Si l'étude est explosive, tant il est difficile pour les personnes souffrant de manifestations de "Covid long" de trouver une prise en charge adaptée, les auteurs précisent qu'une "évaluation médicale de ces patients peut être nécessaire pour prévenir les troubles dus à une autre maladie et attribués à tort à un 'Covid long'".
Une étude "préjudiciable pour les patients"
#ApresJ20, association Covid Long France, estime que la publication fait "l'objet d'interprétations (...) préjudiciables pour les patients et les professionnels de santé".

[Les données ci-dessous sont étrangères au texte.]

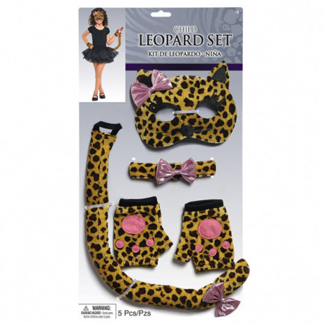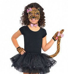 Kit com acessórios de leopardo para complementar disfarce de carnaval. Com pormenores em cor de rosa.
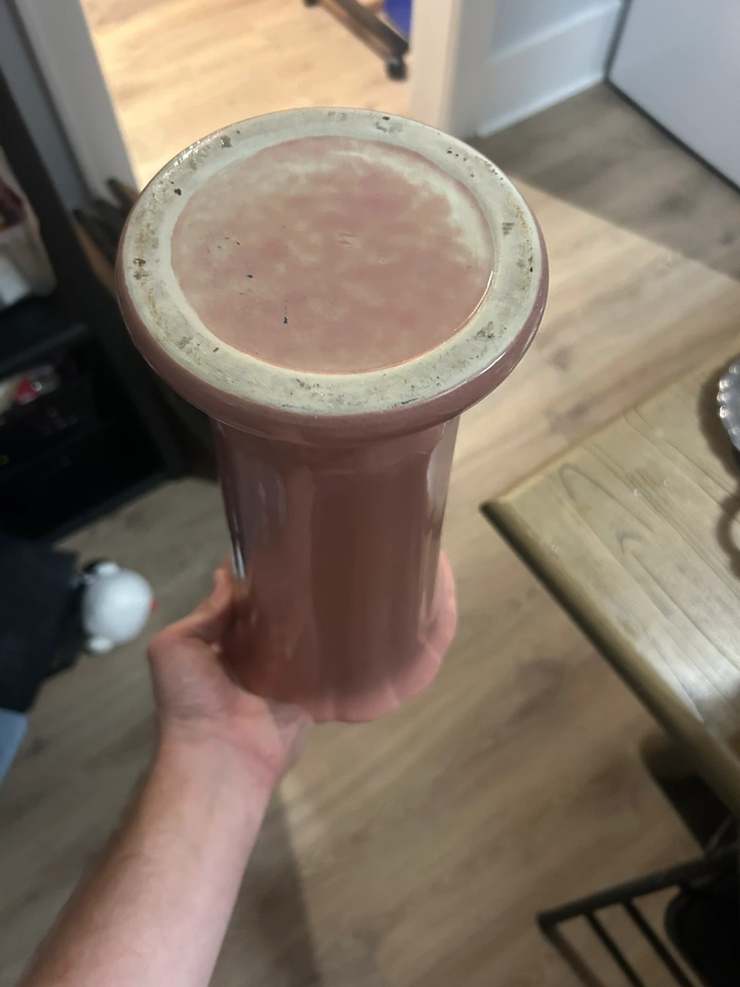This is a lovely pink vase that would look great in any room! It stands approximately 13 inches tall and features a unique design with a light blue interior. It's a perfect piece for displaying flowers or as a standalone decorative item
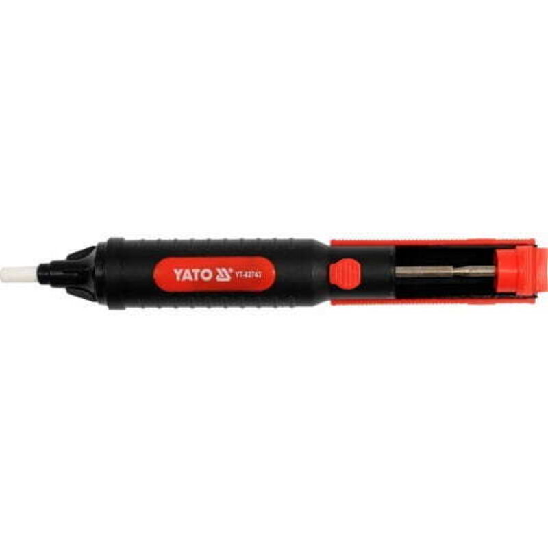 Caratteristiche Colore del prodottoNero, RossoMaterialePTFE, cloruro di polivinile (PVC)Tipo delprodotto*Saldare saldare saldare saldare saldare saldare stagnoBrand compatibile *Yato Contenuto delimballaggio Quantità perconfezione1 pezzo(i) Peso e dimensioni Lunghezza206 mmLarghezza21,8 mm
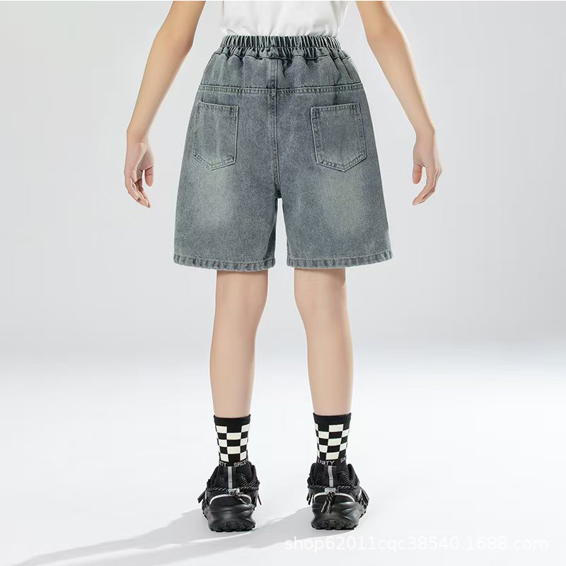 남학생 여름 얇은 데님 반바지 2025 새로운 도착 중학교 어린이 여름 착용 소년 여름 바지 유행 바지스토어 가기
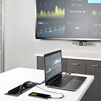 The A/V module simplifies connectivity with automatic switching and conversion. The module lets you present content from your HDMI, DP or VGA laptop on an HDMI display or projector, without the hassle of menu and input selections. And, it automatically switches to the most recently connected or powered-on laptop.
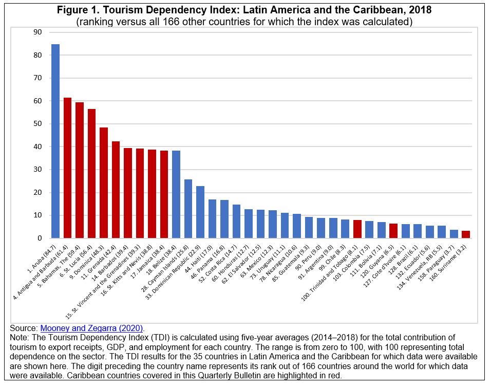 Tourism was adversely affected during the first quarter of 2020 as the crisis began to unfold, and the sector was effectively shut down during the second quarter as complete travel prohibitions came into place. Expectations for the third quarter remain uncertain, but prospects for a rapid return to pre-crisis levels of demand remain grim. Nearly a dozen Caribbean countries—including the six Organization of Eastern Caribbean States (OECS) sovereign countries, as well as The Bahamas, Barbados, and Jamaica—rank in the top 20 on our new global index of economic dependence on the sector, dubbed the Tourism Dependency Index (TDI). The TDI is calculated for 166 countries worldwide for which data were available. The range is from zero to 100, with 100 representing total dependence on the sector. Index results for 35 countries in Latin America and the Caribbean for which data were available are shown in Figure 1, with the countries analyzed in this Quarterly Bulletin highlighted in red.
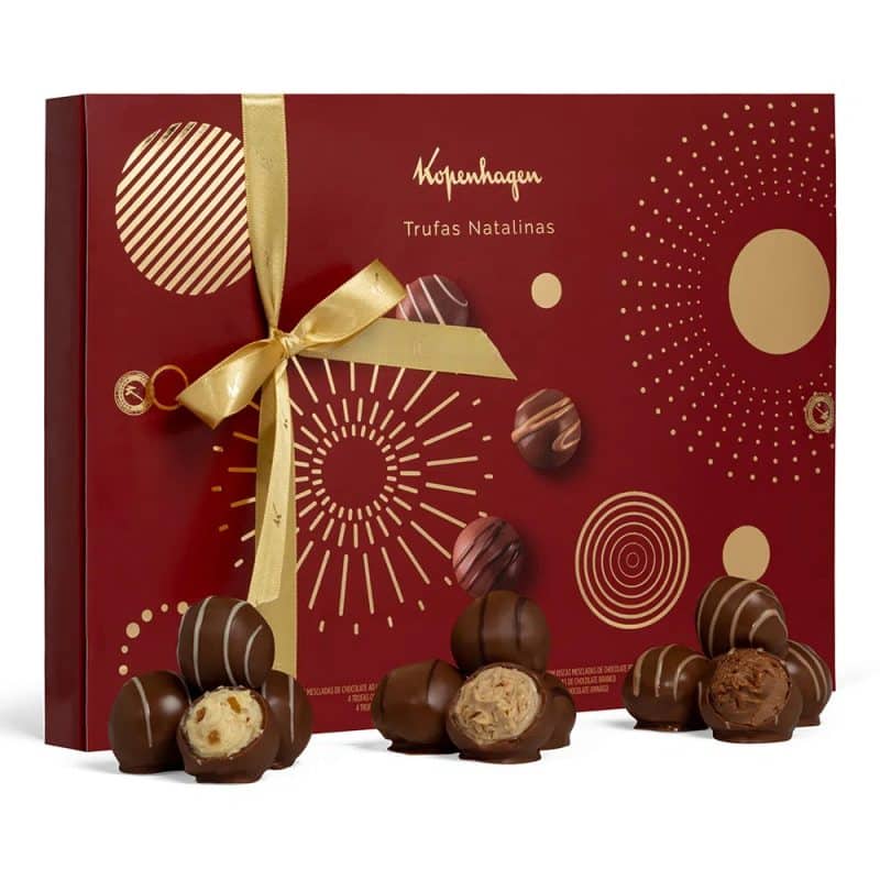 Já a Caixa Trufas Natalinas (R$ 69,90) foge do convencional e traz 12 trufas com sabores diversificados, que agradam ao paladar de qualquer um. São quatro trufas mescladas de chocolate ao leite e chocolate branco, cobertas com chocolate ao leite e decoradas com chocolate ao leite e chocolate branco por cima.
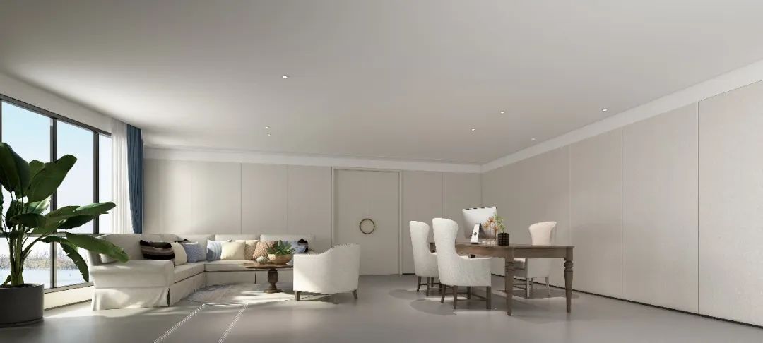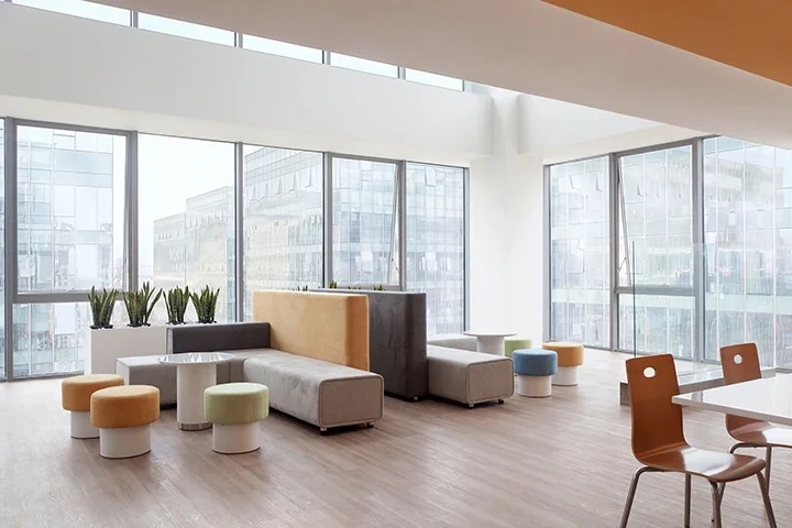 “回形空间”办公设计空间以白色为基调,同时呈现平整,树皮纹,方格纹,斜拼砖纹四种不同的质感。白色与木色的划分丰富了空间的层次感,黄色与蓝色的点缀则增加了空间的生机和活力。设计师打破了原本沉闷的工作环境,结合超高层高、裸露的天花留白和工业感的吊灯,重新创造一个明亮开阔的空间,为员工营造一个愉悦的工作环境。
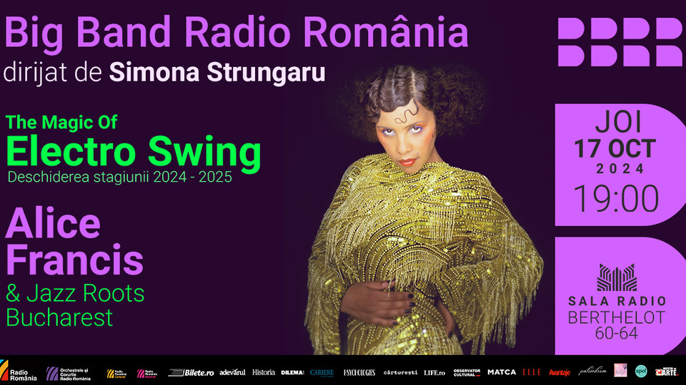 Joi, 17 octombrie 2024 (de la ora 19.00), sunteți invitați la Sala Radio în pași de... SWING! Big Band-ul Radio dirijat de Simona Strungaru își deschide noua stagiune pe scena bucureșteană cu un concert "electrizant": The Magic of… Electro Swing.
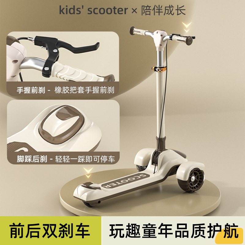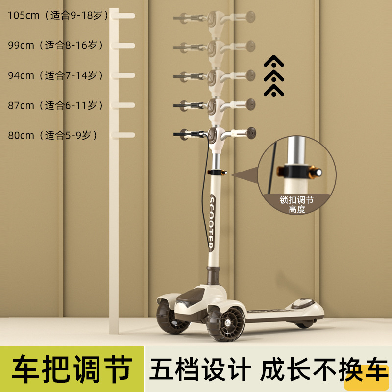 Big Kids Scooter Flash Teenager Single Foot Scooter Three Wheel Handbrake Large Foldable Scooter
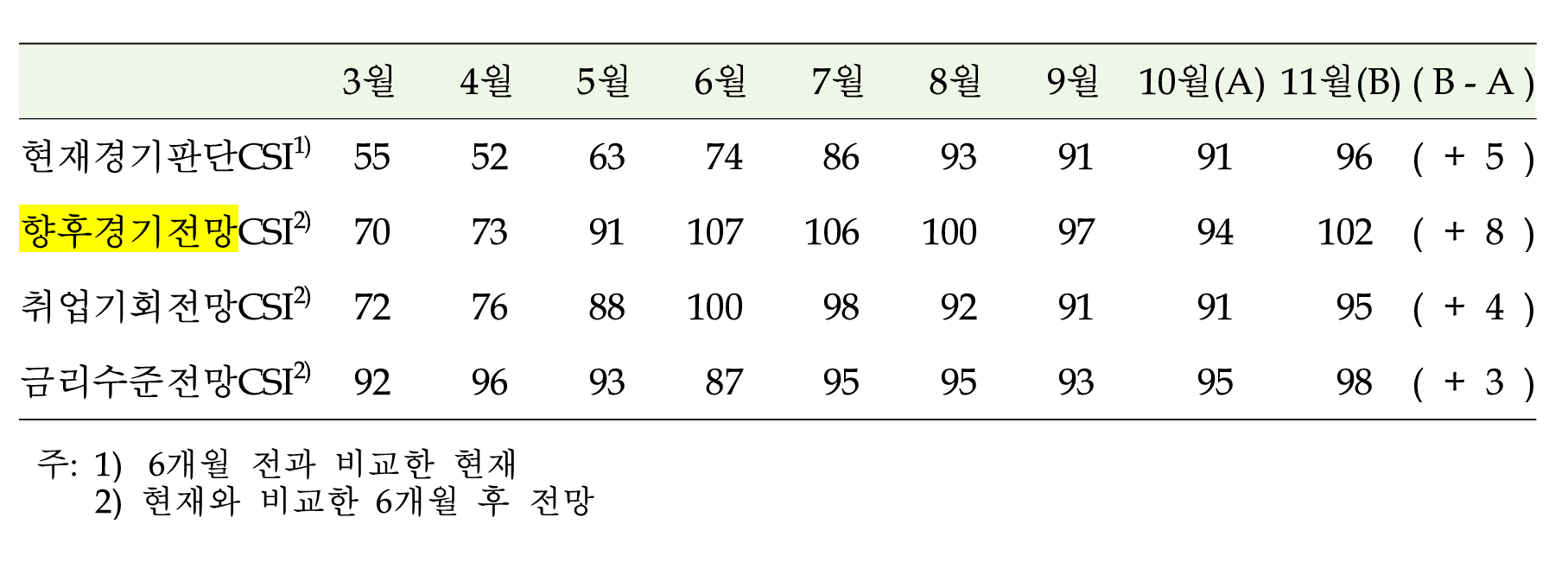 - 향후경기전망CSI: 102 (+8p 급등!!)
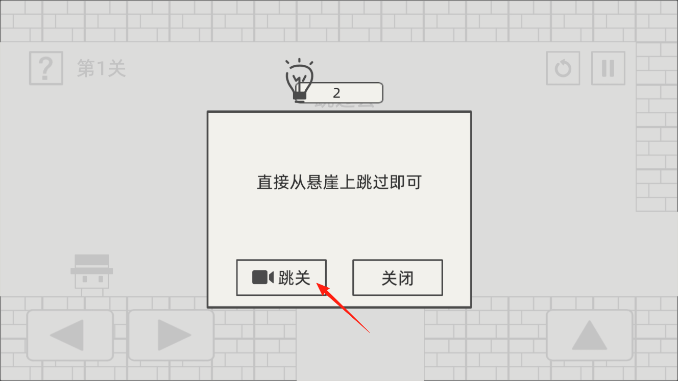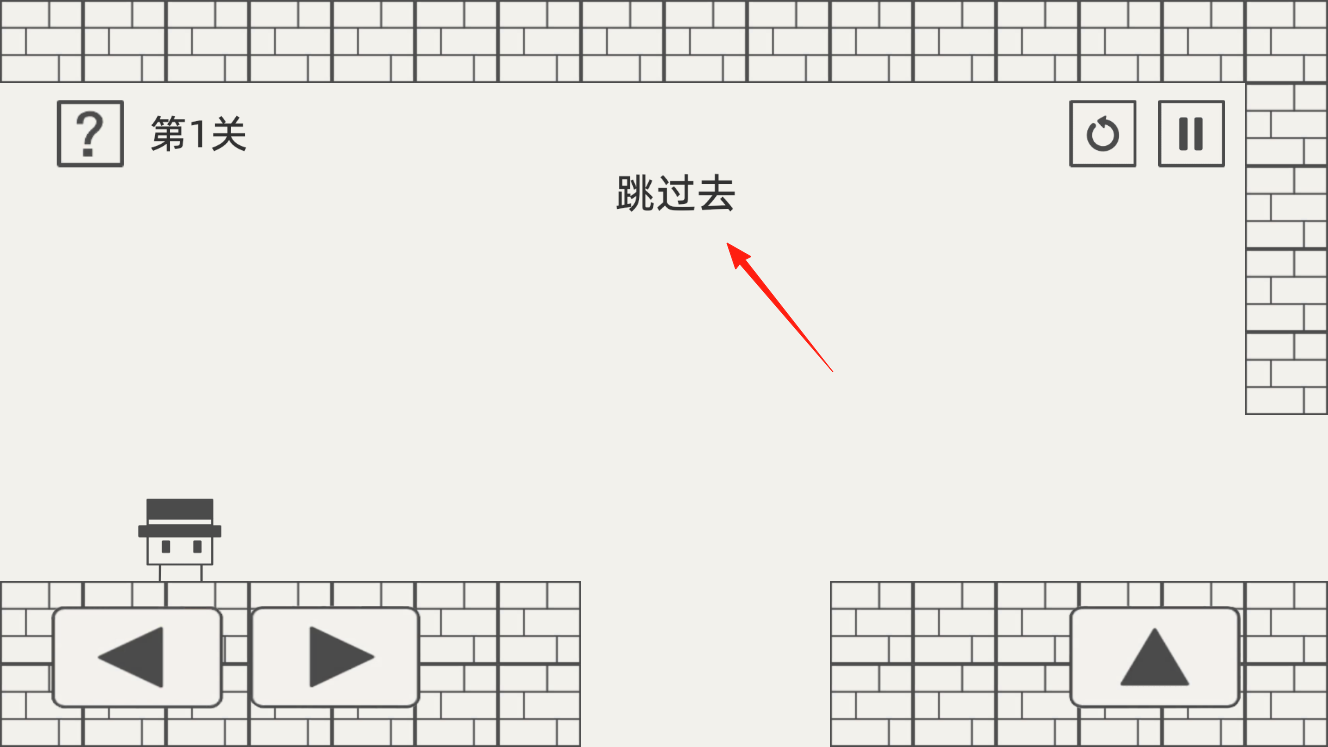 1、進(jìn)入第1關(guān)游戲界面,看到角色與跳過去提示,操控角色移動,嘗試跨越障礙,通過操作方向與跳躍鍵,讓角色按提示完成跳躍,體驗(yàn)基礎(chǔ)闖關(guān)玩法,感受動作操作樂趣。

"Cette étude dans le journal Jama repose en très grande partie sur le fait que la sérologie (le dosage d'anticorps) serait un élément suffisant pour distinguer les personnes infectées de celles qui ne l’ont pas été. Cependant, cette même sérologie est désormais reconnue comme un indicateur assez peu fiable sur la durée chez les malades du Covid long. Des études ont en effet montré que la réponse par anticorps pouvant s'effacer d'autant plus que les symptômes persistent", écrit l'association.
Certains professionnels de santé ont aussi réagi négativement à la publication à l'instar de Jérôme Larché, spécialiste en médecine interne, qui tance un "biais de confirmation flagrant". C'est la principale objection contre cette étude. Un test sérologique a plus de risque de "rater" un Covid passé que d'en faire état par erreur, ce qui biaise les résultats.
"Effacer toute cette réalité complexe, en évolution permanente, derrière le terme de 'croyances' montre qu'ici, les croyants ne sont assurément pas les patients Covid long ni les médecins qui les prennent en charge", s'indigne-t-il.
Le "Covid long", une définition trop vague
Cette polémique fait ressortir la difficulté à cadrer les recherches sur le sujet. De nombreux symptômes sont associés à ce trouble, parmi lesquels la fatigue ou l'essoufflement, ce qui rend difficile de déterminer à quel point les "Covid longs" recouvrent différentes réalités et, à plus forte raison, quelle peut en être l'origine.
Dans ce contexte, l'étude polémique du Jama risque d'être instrumentalisée "pour affirmer que (le Covid long) n'est absolument pas un problème", redoute le médecin américain F. Perry Wilson, professeur à Yale, sur le site Medscape.
Mais, tout en se montrant lui aussi très critique sur l'étude, il met en garde sur un problème de fond quant à la définition trop vague du "Covid long".
"Nous devons nous rendre compte qu'avec des symptômes vagues, on obtient des diagnostics vagues", conclut-il. "Faute de critères plus stricts, de nombreuses personnes risquent de recevoir une étiquette 'Covid long' alors qu'elles n'en sont pas du tout atteintes".